* [What this task involves]:
Among the entries, find the lines with the string "lícula" and report them.

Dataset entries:
■ ■ ■ ■

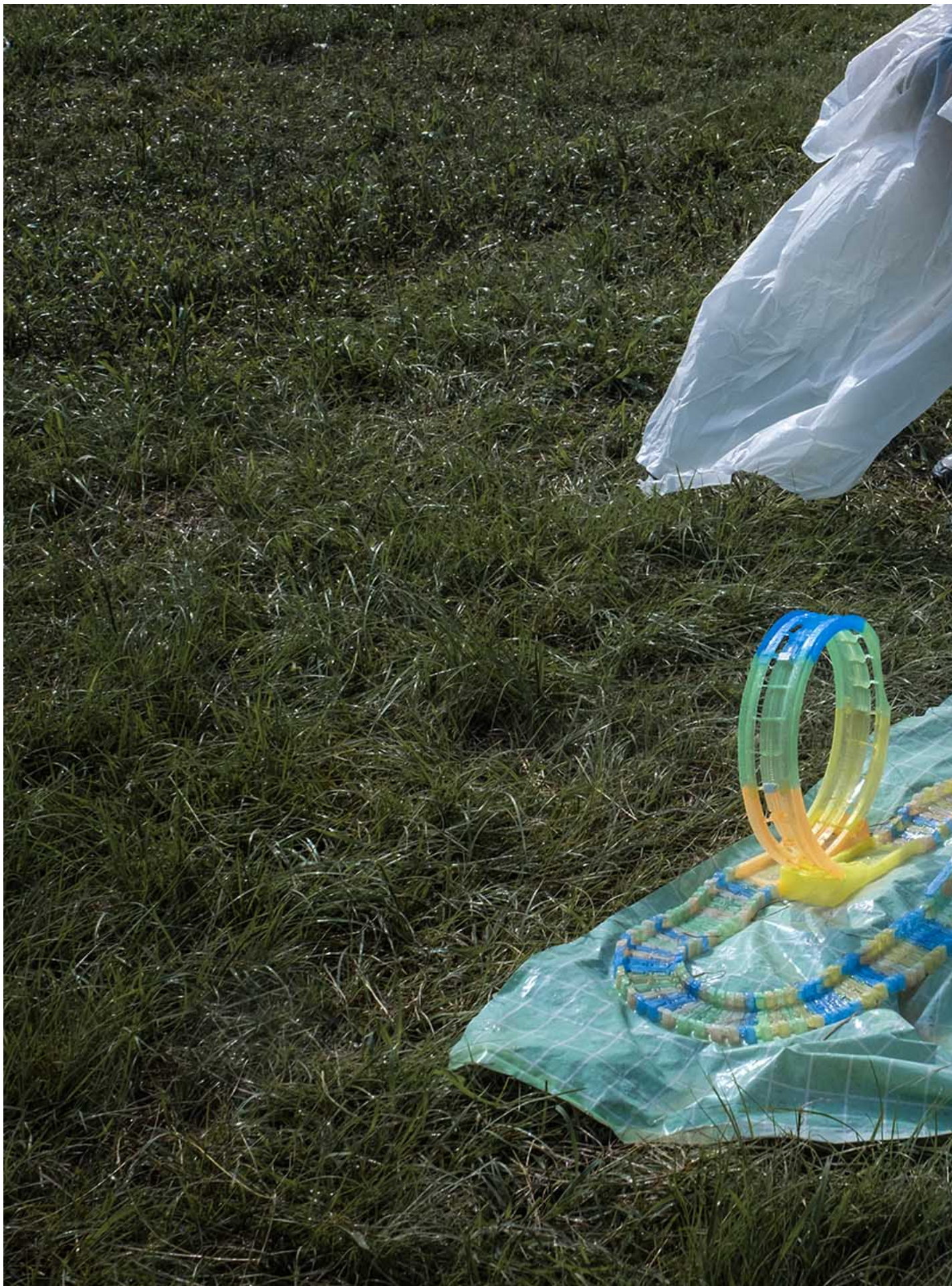
2023年7月22日，台北市的一场园游会。

不过，去年12月， 新北国中生割喉案也曾引发报导界线的相关疑虑 ，但却是部分媒体过度揭露事件特征，引发网友跟进指涉、公布当事人相关资料，新北地院也因此特别声明警告媒体与民众勿触犯《少年事件处理法》中限制公开资讯等规范。
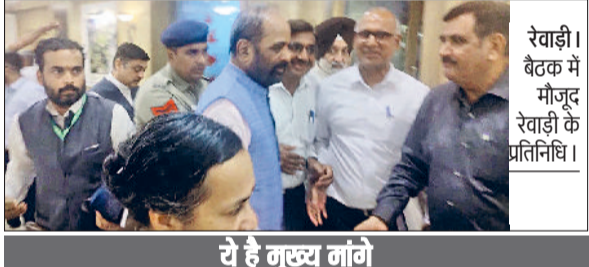
रेवाड़ी। बैठक में मौजूद रेवाड़ी के प्रतिनिधि।
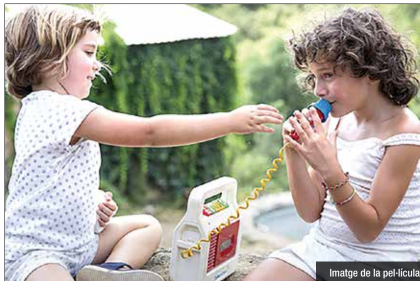
Imatge de la pel·lícula

el 30 de juny i des d'aleshores acumula un bon nombre de premis i reconeixements. Al Festival de Berlín es va emportar el Premi a Millor Òpera Prima, a més del Premi de la Generació KPlus. Al Festival de Màlaga va guanyar la Bisnaga d'Or i al Festival de Buenos Aires, el Premi a la Millor Direcció. 'Estiu 1993' segueix així el seu camí cap als Oscar, que celebrarà la seva 90a edició. En cas d'arribar a la selecció final, es convertiria en la primera pel·lícula rodada en català en optar a l'Oscar a la Millor Pel·lícula de Parla No Anglesa.
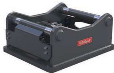
油圧式プレート (ボルト留め用)
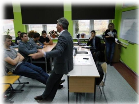
Konsultacje społeczne – Gmina Jerzmanowa
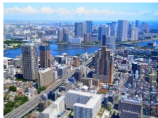
↑ミニチュア 静止画/動画
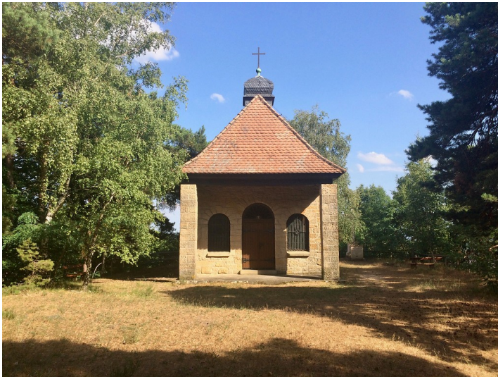
Maria-Schutz-Kapelle auf dem Wetterkreuzberg in Maikammer (2017)
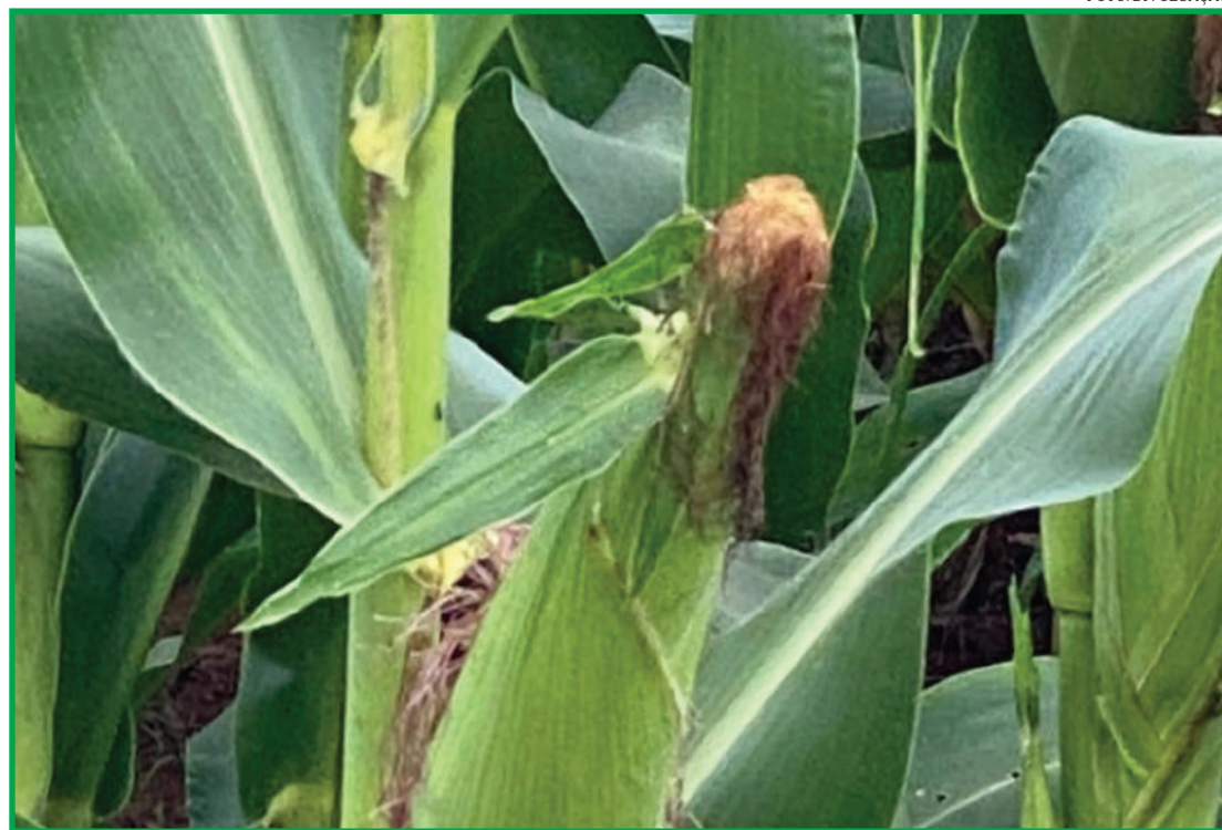
Clima no Sul preocupa produtores

No campo, produtores do Sul do Brasil já iniciaram a colheita da safra verão, mas, com o andamento dos trabalhos de campo, começam também a calcular os danos da forte estiagem na região sobre a produção de milho. Já no Sudeste e Centro-Oeste, as chuvas mais frequentes favorecem as lavouras.
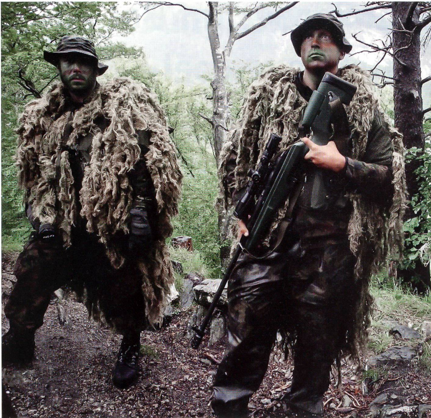
Zwei gut getarnte Scharfschützen.
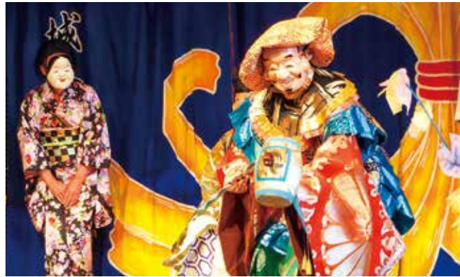
歴代高倉左近作の面を多く所有する水子城之下組囃子連

三代目は工業高校卒業後、面師への道を歩み始めました。元々は電気関係の仕事をしていました
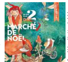
©marché de Noël à saint martin de la brasque
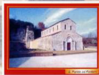
S. Paride ad Fontem
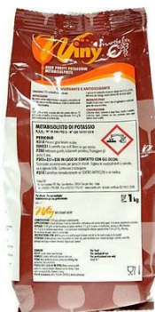
Slika 5. Kalijev metabisulfit (Enartis)

Kalij metabisulfit (K 2 S 2 O 5 ) - kalijev metabisulfit bijeli je prah koji se najviše koristi u enološke svrhe jer pospješuje čišćenje mošta i vina, otapa polifenole, antioksidacijski djeluje na oksidacijske enzime, snižava kiselinu te antiseptički djeluje na neželjene bakterije.

■ ■ ■ ■

* [Response to the exercise]:
Imatge de la pel·lícula
el 30 de juny i des d'aleshores acumula un bon nombre de premis i reconeixements. Al Festival de Berlín es va emportar el Premi a Millor Òpera Prima, a més del Premi de la Generació KPlus. Al Festival de Màlaga va guanyar la Bisnaga d'Or i al Festival de Buenos Aires, el Premi a la Millor Direcció. 'Estiu 1993' segueix així el seu camí cap als Oscar, que celebrarà la seva 90a edició. En cas d'arribar a la selecció final, es convertiria en la primera pel·lícula rodada en català en optar a l'Oscar a la Millor Pel·lícula de Parla No Anglesa.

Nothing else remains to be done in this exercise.